In short, I get different outputs depending on whether I compute the output in one batch or pass elements one-by-one to the LSTM. These differences are somewhat small, but my ultimate application relies on these LSTMs in succession, so the errors accumulate.

Additionally, I notice that this error even changes with completely unrelated changes to the code! For example, if I add some model initialization, the batched-vs-unbatched error can change significantly.

I use a specific set of pretrained weights, you can find them here. You can reproduce the issues with the following code snippet:

import torch
import random
import numpy as np


class MyModel(torch.nn.Module):
    def __init__(self):
        super().__init__()
        self.lstm = torch.nn.LSTM(32,
                                  64,
                                  1,
                                  batch_first=True,
                                  bidirectional=True)
        self.linear = torch.nn.Linear(128, 32)
    
    def forward(self, x):
        lstm_out, _ = self.lstm(x)
        linear_out = self.linear(lstm_out)
        return linear_out

if __name__ == "__main__":
    torch.use_deterministic_algorithms(True)
    torch.manual_seed(0)
    random.seed(0)
    np.random.seed(0)

    # UNCOMMENT THIS, AND ERROR BECOMES 7.0512e-05
    # my_model = MyModel()

    # UNCOMMENT THIS AS WELL, AND ERROR BECOMES 0.0009
    # my_model = MyModel()

    my_model = MyModel()
    my_model.load_state_dict(torch.load('my_state_dict.pt'))
    my_model.eval()

    X = torch.randn(2, 288, 32)
    with torch.no_grad():
        Y_batched = my_model(X)
        
        Y_individiual = torch.zeros_like(X)
        for i in range(Y_individiual.shape[0]):
            Y_individiual[i:i+1] = my_model(X[i:i+1])

    # ERROR IS 0.0001
    print(torch.abs(Y_batched - Y_individiual).max())

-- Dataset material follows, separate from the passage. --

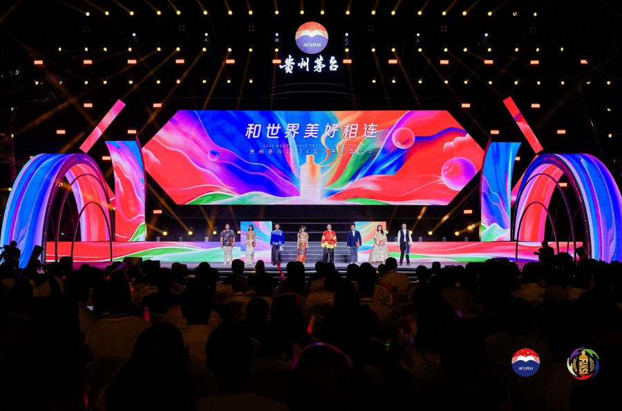 随后,以“和世界美好相连”为主题的贵州茅台2024全球茅粉嘉年华跨年晚会在大型灯光歌舞秀《偕美共赴》中拉开帷幕。
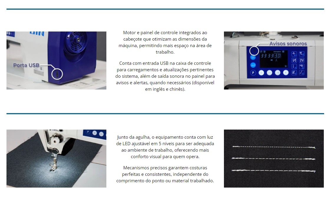 Mecanismos precisos garantem costuras perfeitas e consistentes, independente do comprimento do ponto ou material trabalhado

I know that there is some tolerance with floating points and such, but I don’t see why it would affect the outputs in other batches, and I certainly don’t understand why changing a line of unrelated code would change any behavior.

Any help would be appreciated. Thanks!

Hello,

I am still looking for help on this issue.
Any ideas? Thanks.

After some debugging, I think the error is sufficiently small and I had some problems in another part of the code.
As for the inconsistent error when uncommenting “unrelated” lines, I think these lines were changing the random state so that when I initialized the tensor X, it was different every time.